Now onto Snickerdoodles. Big, soft, chewy Maple Cinnamon Chip Snickerdoodles. The perfect fall cookie.
Guys, this Ohio weather is driving me bonkers. Back in July when I was craving salads and cucumber sandwiches it was 75 degrees and rainy.
Now, I’m in full-on fall weather food mode. I’m craving soups and stews, pumpkin, sweet potatoes, and cinnamon EVERYTHING. But the weather? The weather is not cooperating. Today it was 90 degrees and, ohhhh, I don’t know…about 4,000 percent humidity.
Really, Ohio? You’re going to decide to be all sunny and warm and summery now? In the middle of September? When all the pools have closed and I’m actually kind of looking forward to throwing on some boots and a pair of skinny jeans?
Not cool, Ohio. Not cool.
So here I am, on a 90 degree day, standing in front of a hot oven eating a cookie that tastes just like Autumn.
And you know what? I’m enjoying the heck out of this cookie.
I adapted the recipe for these Maple Cinnamon Snickerdoodles from Sally’s Baking Addiction’s recipe for Soft and Thick Snickerdoodles. Have you tried them? They’re big, fat, puffy cookies that taste like little clouds of cinnamon goodness. They’re fantastic.
But I was craving something a little richer, a little darker, a little more, well, fall-ish.
So I replaced all the white sugar with brown, added a good pour of pure maple syrup, and stuffed them full of mini cinnamon chips.
This story has a happy ending. These cookies are a new favorite. The Mr. and I gobbled them. Gobbled, I tell you.
One bite and your brain will be screaming all kinds of things at you.
Like…”Hey you! Yeah you with the cookie crumbs on your face! How ’bout you get us a glass of milk?”
And “You better not even think about taking these into the office! I want ALL THE COOKIES”
And “Thank you self. You are the best. You are the queen of cookie baking!”
These cookies are sweet, innocent, and totally addictive. The brown sugar makes them chewier and richer than typical snickerdoodles, and the tiny cinnamon chips melt in your mouth. Most grocery stores usually start to carry Hershey’s Cinnamon Chips this time of year, but if you can’t find them, you can also buy cinnamon chips on Amazon or King Arthur Flour (their mini ones are my favorite!).
90 degrees or not, you won’t regret heating up your kitchen with a batch of these Maple Cinnamon Snickerdoodles. Promise.
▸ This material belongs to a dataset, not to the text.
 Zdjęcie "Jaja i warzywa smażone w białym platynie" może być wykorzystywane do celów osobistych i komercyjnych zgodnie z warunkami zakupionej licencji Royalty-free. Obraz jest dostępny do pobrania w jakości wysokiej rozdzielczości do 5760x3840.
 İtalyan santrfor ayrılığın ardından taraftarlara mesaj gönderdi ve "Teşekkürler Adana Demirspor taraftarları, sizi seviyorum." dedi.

Maple Cinnamon Chip Brown Sugar Snickerdoodles
- 3 cups all-purpose flour
- 2 teaspoons cream of tartar*
- 1 teaspoon baking soda
- 1 teaspoon baking powder
- 2 teaspoons ground cinnamon
- 1/2 teaspoon salt
- 1 cup (2 sticks) unsalted butter, at room temperature
- 1 cup brown sugar
- 1/4 cup maple syrup
- 1 large egg
- 2 teaspoons vanilla extract
- 3/4 cup mini cinnamon chips
- 1/4 cup granulated sugar
- 1 teaspoon cinnamon
- Preheat oven to 350 degrees.
- In a medium sized bowl, whisk together flour, cream of tartar, baking soda, baking powder, cinnamon, and salt. Set aside.
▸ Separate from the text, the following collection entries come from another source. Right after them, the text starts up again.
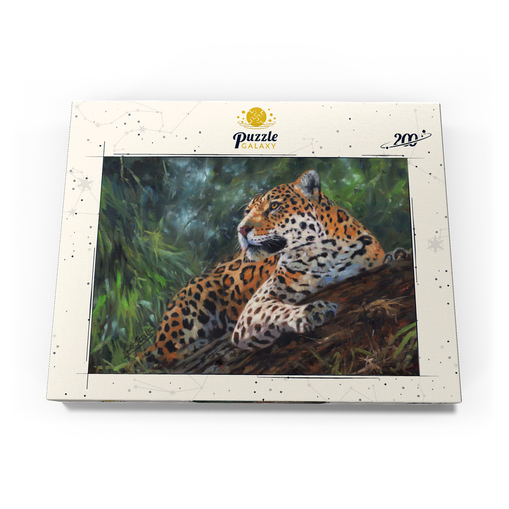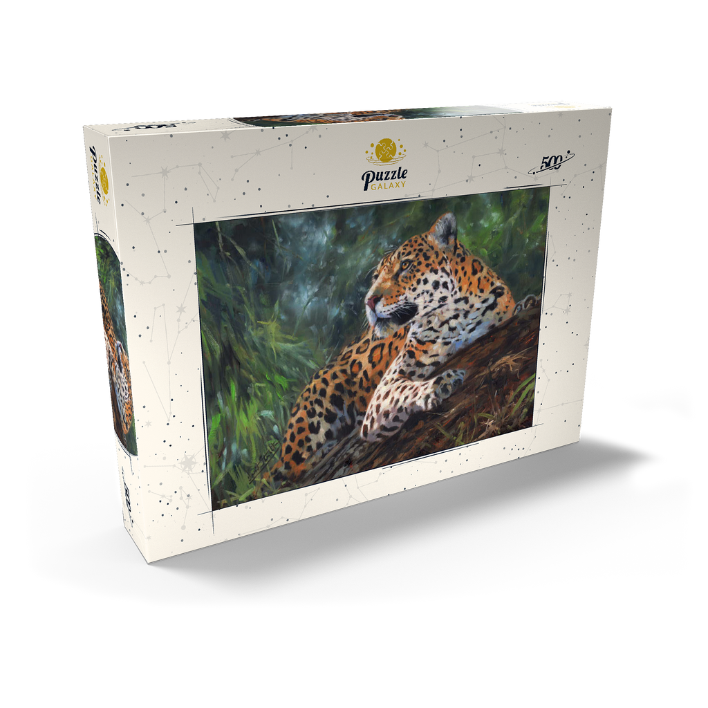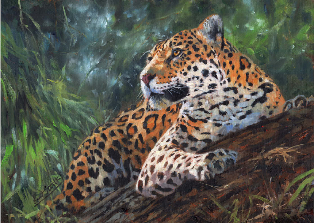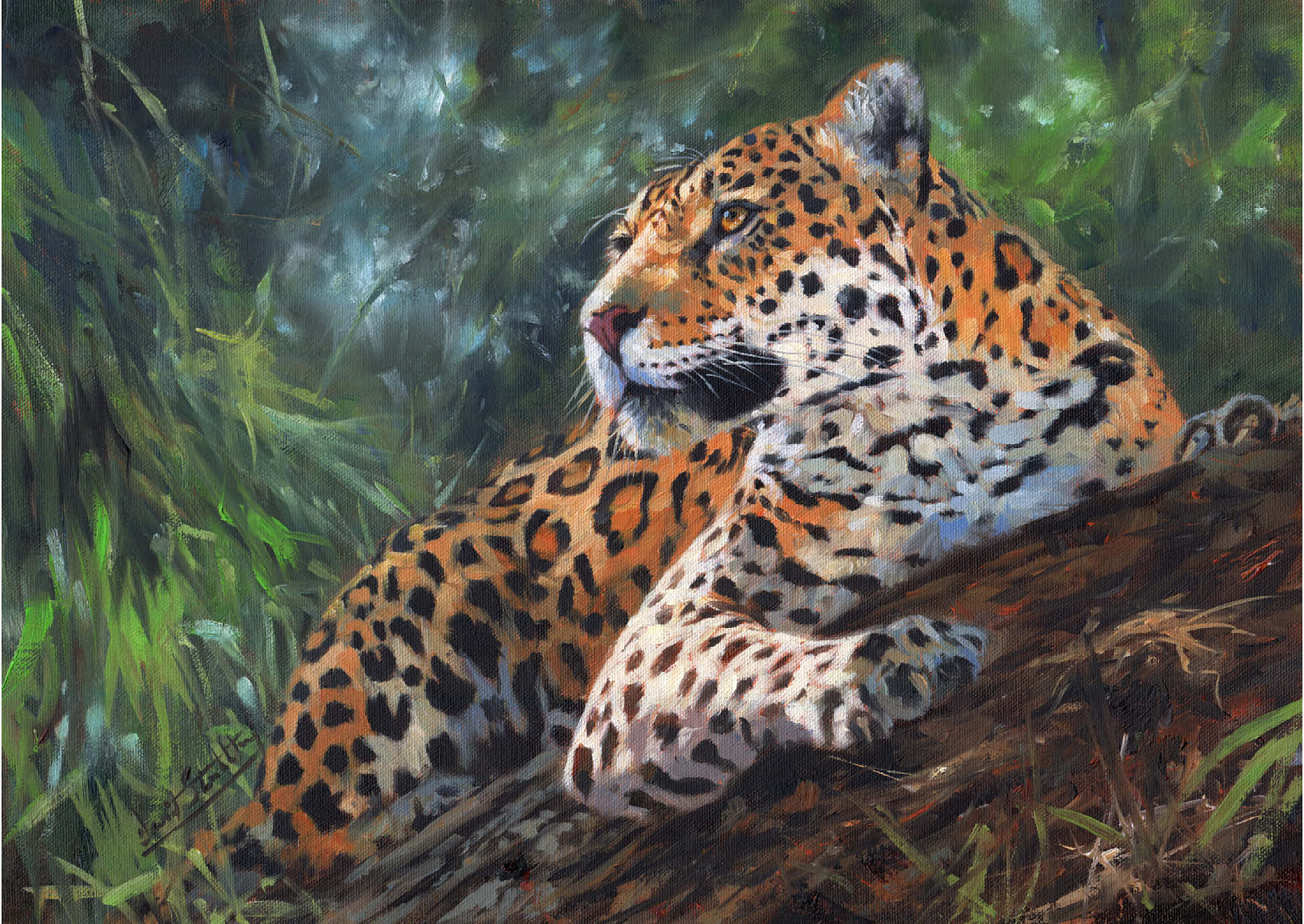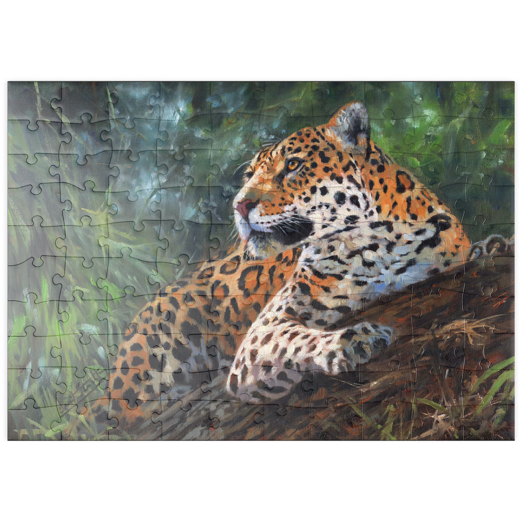 Ein fesselndes Porträt eines Leoparden, der sich anmutig auf einem umgestürzten Baumstamm inmitten eines üppigen, grünen Waldes ausruht. Das goldene Fell des Leoparden mit den filigranen schwarzen Rosetten bildet einen schönen Kontrast zum umliegenden Laub und unterstreicht seine Eleganz und Kraft. Das weiche, gefilterte Licht, das durch die Bäume fällt, sorgt für eine ruhige Atmosphäre und fängt die wachsame und doch entspannte Haltung des Raubtiers ein, während es seine Umgebung beobachtet. Dieses Kunstwerk ist eine atemberaubende Hommage an die Schönheit der Wildtiere in ihrem natürlichen Lebensraum.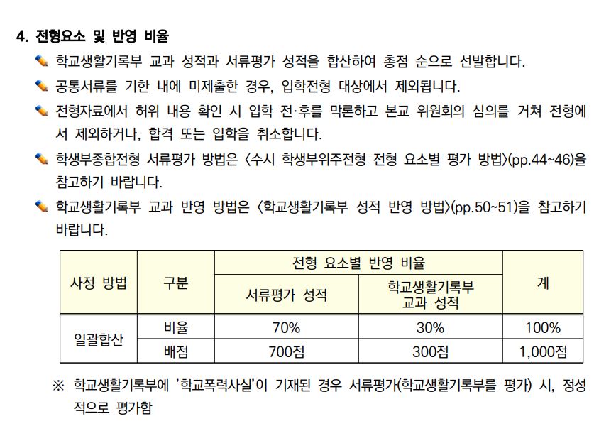 면접은 따로 진행하지 않으며, 서류 70% + 교과 성적 30%를 반영하여 학생을 선발합니다.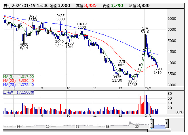 バンクオブイ <日足> 「株探」多機能チャートより■財務省 : 1月19日受付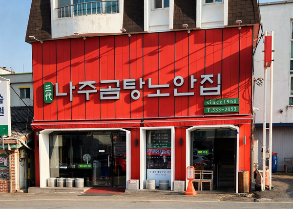 '나주곰탕 노안집'은 나주에서 가장 유명한 곰탕집 중 하나로, 그 역사가 무려 60년이 넘어요. 이곳은 나주곰탕의 본고장답게 진한 육수와 부드러운 고기가 특징이에요. 위치는 나주 시내 중심가에 있어 접근성이 좋고, 외관은 밝은 빨간색으로 눈에 띄어요.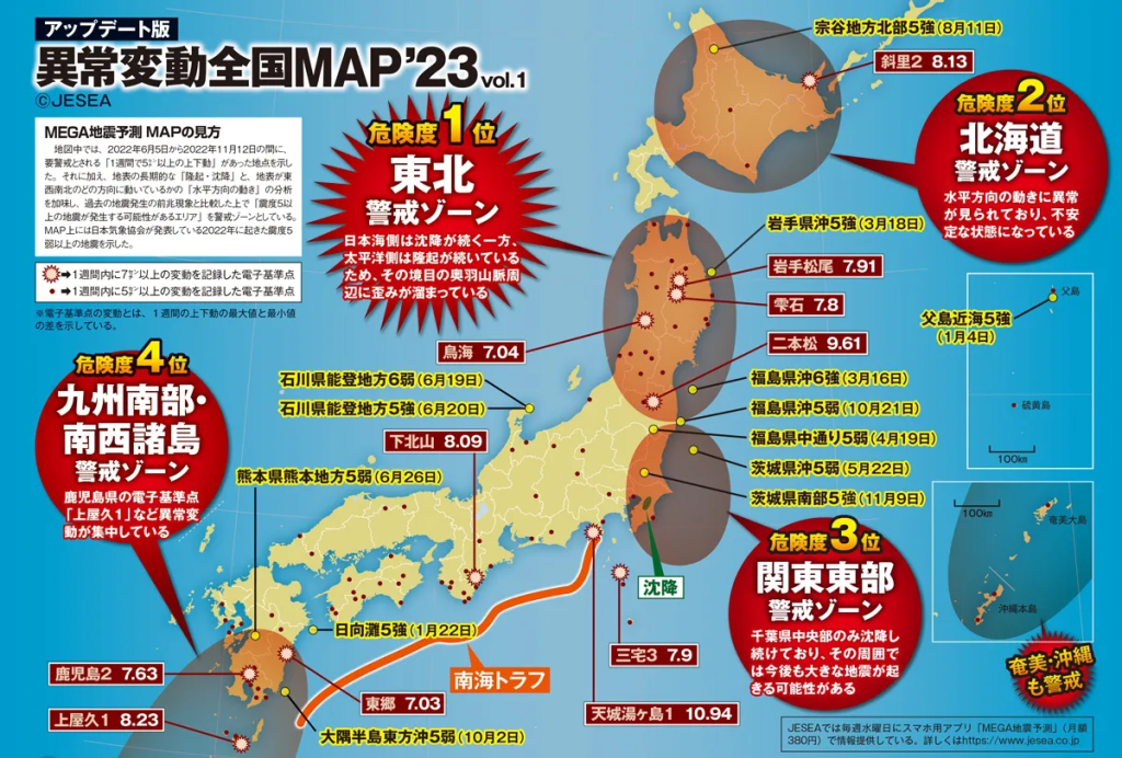 測量学の世界的権威である村井俊治・東大名誉教授は、「MEGA地震予測」で、国土地理院が全国約1300か所に設置した電子基準点のGPSデータなどを使って地表の動きを捉え、1週間ごとの上下動の「異常変動」、長期的な「隆起・沈降」、東西南北の動きの「水平方向の動き」という主な指標を総合的に分析している。村井氏はその予測法をベースにして2020年にAI(人工知能)による危険度判定を導入。2021年には切迫度の高い時に限って発出する「ピンポイント予測」を実用化するなどして、より予測精度を高めた。そんな村井氏が2023年に警戒すべきエリアはどこか。危険度1位から4位までの警戒ゾーンを紹介する。

- In the bowl of an electric mixer, beat together butter and brown sugar until it's light and fluffy, scraping the sides of the bowl as needed. With the mixer on low speed, add maple syrup, egg and vanilla and beat, slowly increasing the speed, until well combined.
- Turn the mixer back to low speed and add the flour mixture, beating until flour is somewhat incorporated. Turn the speed up to medium and beat until smooth. Stir in cinnamon chips.
- In a small bowl, stir together sugar and cinnamon.
- Scoop about 2 Tablespoons of dough into a ball, roll in cinnamon sugar, then place on a baking sheet lined with parchment paper. Repeat with remaining dough, leaving about 1½ inches in between dough balls on the tray.
- Place trays in the oven and bake for 10-12 minutes or until puffed and slightly golden. Remove and allow to cool on the baking sheet. Serve with milk.